In the step-by-step solution, dihydropyran is used as a protecting group for an alcohol (hydroxy group) of (S)-malic acid to create a THP ether. This intermediate protects the hydroxy group during subsequent reactions. The use of protecting groups is like putting a cap on a bottle—the contents are kept safe until the cap is intentionally removed. Later in the synthesis, the protecting group is removed (deprotected) to restore the original functionality of the molecule.

Protecting groups are essential for the strategic planning of complex organic syntheses, as they allow chemists to 'mask' functional groups temporarily and then 'unmask' them when needed.

Nucleophilic Substitution Reactions

Nucleophilic substitution is a fundamental type of reaction in organic chemistry, often abbreviated as SN1 or SN2 (Substitution Nucleophilic Unimolecular or Bimolecular, respectively).

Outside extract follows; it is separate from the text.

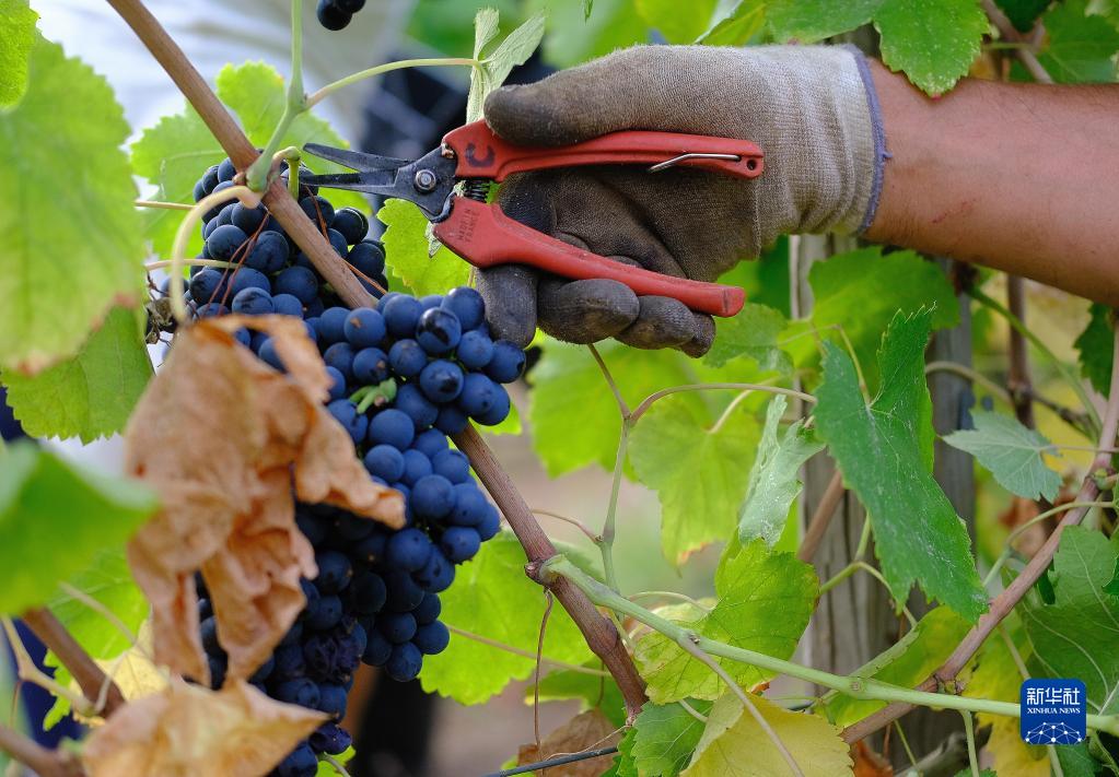 9月9日,在法国南部滨海阿尔卑斯省的芒德略拉纳普勒,果农采摘用来酿酒的葡萄。

In such reactions, a nucleophile, which is a electron-rich species, attacks an electrophile, typically a carbon atom attached to a good leaving group. During the conversion of (S)-malic acid to bromoepoxide, p-toluenesulfonyl chloride (TsCl) is used to transform an alcohol into a tosylate, thereby converting a poor leaving group into a good one. This change facilitates the nucleophilic attack, leading to the formation of the desired substitution product. For example, in step 7, a hydroxy group acts as a nucleophile and performs an intramolecular attack to form the bromoepoxide.

Epoxidation Reaction

An epoxidation reaction involves the formation of an epoxide, a three-membered cyclic ether, typically from an alkene or an alkyne. In synthesis pathways, epoxidation is a crucial step for introducing an oxygen atom in a highly strained ring structure, which can then be further manipulated.

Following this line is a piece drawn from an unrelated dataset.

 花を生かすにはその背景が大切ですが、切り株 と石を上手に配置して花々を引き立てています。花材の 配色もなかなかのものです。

The formation of the epoxide in the provided solution occurs as an intermediate step. Converting the tosylate into an epoxide increases the molecule's reactivity, making it suitable for further reaction steps like opening the epoxide ring or forming a bromoepoxide, as with the given problem. Epoxidation is often achieved using specific reagents such as peroxy acids, which transfer an oxygen atom to the substrate.

Stereochemistry

Stereochemistry is concerned with the spatial arrangement of atoms in molecules and how this arrangement affects the physical and chemical properties of those compounds. Stereochemistry is particularly important when dealing with chiral substances, which have molecules that are non-superimposable on their mirror images.

The stereochemistry of a molecule can determine its reactivity, the direction in which it will interact with other chiral molecules, and importantly, biological activity. In the conversion to bromoepoxide, care is taken at each step to ensure that the desired stereochemistry is preserved or correctly altered, enabling the selective formation of the targeted enantiomer.

Chirality in Organic Compounds

Chirality in organic compounds is a property that occurs due to the presence of an asymmetrical carbon atom, known as a chiral center, which is bonded to four different groups. This property leads to the existence of two enantiomers for every chiral molecule.

Chirality is of significant interest in organic chemistry because each enantiomer of a chiral compound can exhibit different behavior in chiral environments, such as biological systems. Understanding how to control and predict the formation of specific enantiomers is vital for the synthesis of pharmaceuticals, agrochemicals, and other chiral substances. The mention of the specific configuration at the chiral center in the exercise highlights the importance of chirality and enantioselectivity in such syntheses.